Fourth, there is a method of assembling a preliminarily sintered chip type ceramic passive component inside a laminated member comprising a plurality of ceramic green sheets as disclosed in Japanese Unexamined Patent Publication No. 61-288498. Although the problems in the above-mentioned first to third methods can be solved in this method, the contraction behavior in the X, Y, Z directions needs to be strictly controlled so that the materials which can be used as the ceramic is limited, and further the following problems are involved:
(1) Substrate flatness can be deteriorated easily.
(2) It is difficult to improve the size accuracy.
(3) It is difficult to provide minute wiring.
The methods for achieving high density wiring in a multi-layer circuit substrate include a method of pressing onto the upper and lower surfaces of a laminated member comprising a plurality of green sheets to be baked at a low temperature, green sheets which do not contract at the baking temperature of the laminated member, baking the same at a comparatively low temperature and eliminating the unsintered layer derived from the latter green sheets after baking (see Japanese Unexamined Patent Publication No. 4-243978 for example), and a method of further pressing the laminated member from above and below at the time of baking in the above-mentioned method (see Japanese Unexamined Patent Publication No. 5-503498 for example).
Since contraction can be hardly generated in the substrate surface direction, that is, in the X-Y direction in these methods, the size accuracy of the substrate obtained can be improved. Therefore, it is advantageous in that disconnection can hardly be generated even with high density wiring. However, these methods are not for providing a passive component inside the substrate.
As a fifth method for producing a multi-layer circuit substrate accommodating a passive component, Japanese Unexamined Patent Publication No. 9-92983 discloses a method combining the above-mentioned method of preventing the substrate contraction in the X-Y direction, and the method of partially accommodating a capacitor inside a multi-layer circuit substrate as a sheet or a thick film. This method is suitable for producing a multi-layer circuit substrate accommodating a passive component with high density wiring.

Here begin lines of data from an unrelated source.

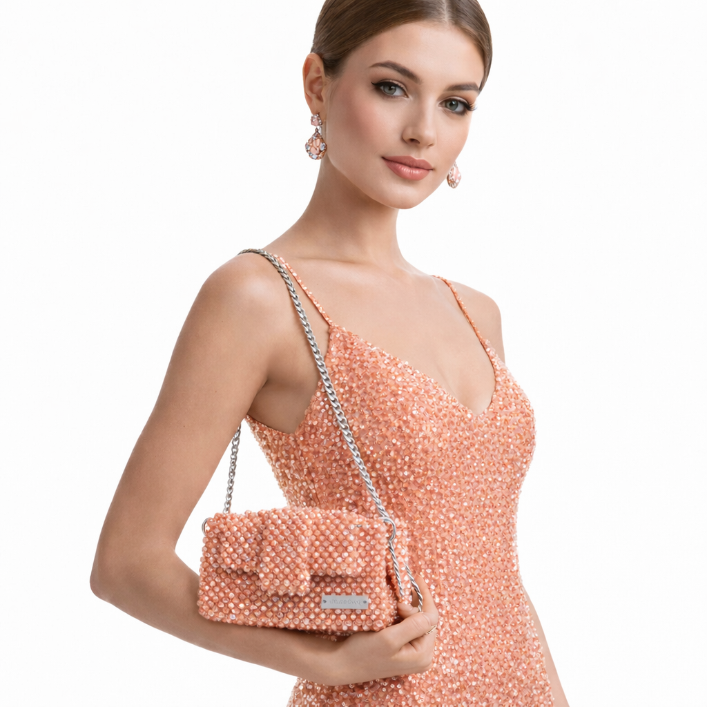 Atelier Emine’in Crystal Gelato Couture serisine ait Panna Petal, 8 mm optik sınıfı kristal boncuklar, metal omuz zinciri ve saten astar kullanılarak tamamen el işçiliğiyle üretilmiş premium clutch modelidir.
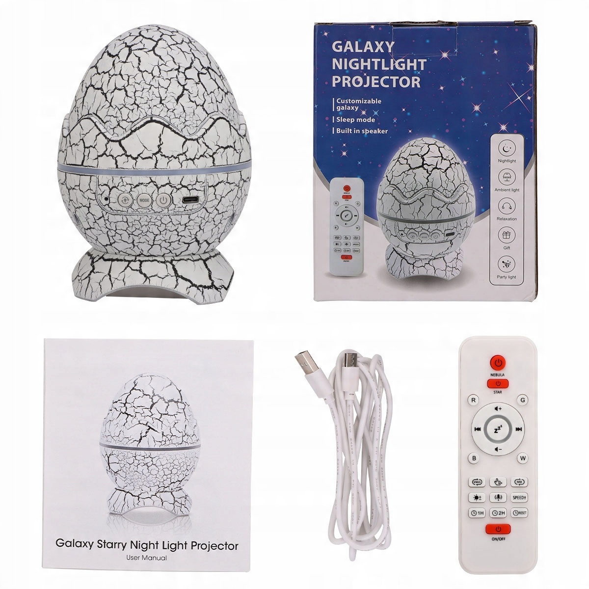 PROJEKTOR GWIAZD jajo dinozaura z GŁOŚNIK Lampka Nocna Rzutnik Led Laserowy
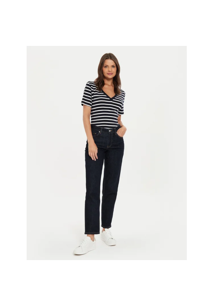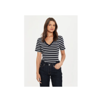 Tommy Hilfiger Κοντομάνικη ριγέ μπλούζα με V λαιμόκοψη WW0WW40584 02C

Since a dielectric member layer having the same area as the substrate is provided when the dielectric member part is formed with a sheet in the fifth method, the dielectric member layer is exposed at the substrate end face. Because the dielectric member layer needs to be dense in order to prevent moisture penetration, a sufficient density is achieved in the dielectric member layer by pressing the substrate from above and below at the time of baking. However, since the dielectric member layer shape is limited, problems are involved as in the above-mentioned third method using a dielectric member sheet in that:
(1) Due to the layer arrangement of the dielectric members inside the substrate, the device cannot be designed freely.
(2) Problems such as crosstalk of signals can be easily generated.
On the other hand, when the dielectric member part is formed with a thick film in the fifth method, a step of filling onto a concave part preliminarily provided in the substrate sheet corresponding to the area for forming the dielectric member part with a dielectric paste can be adopted. Although the problems of the thick film displacement and characteristics irregularity generated by the dielectric paste deformation problems in the thick film method mentioned above as the first method can be improved, the paste film thickness irregularity can be improved only to an insufficient degree. Furthermore, due to the difficulty of having the dielectric member part with a laminated structure, a problem of difficulty in obtaining a large capacity still remains.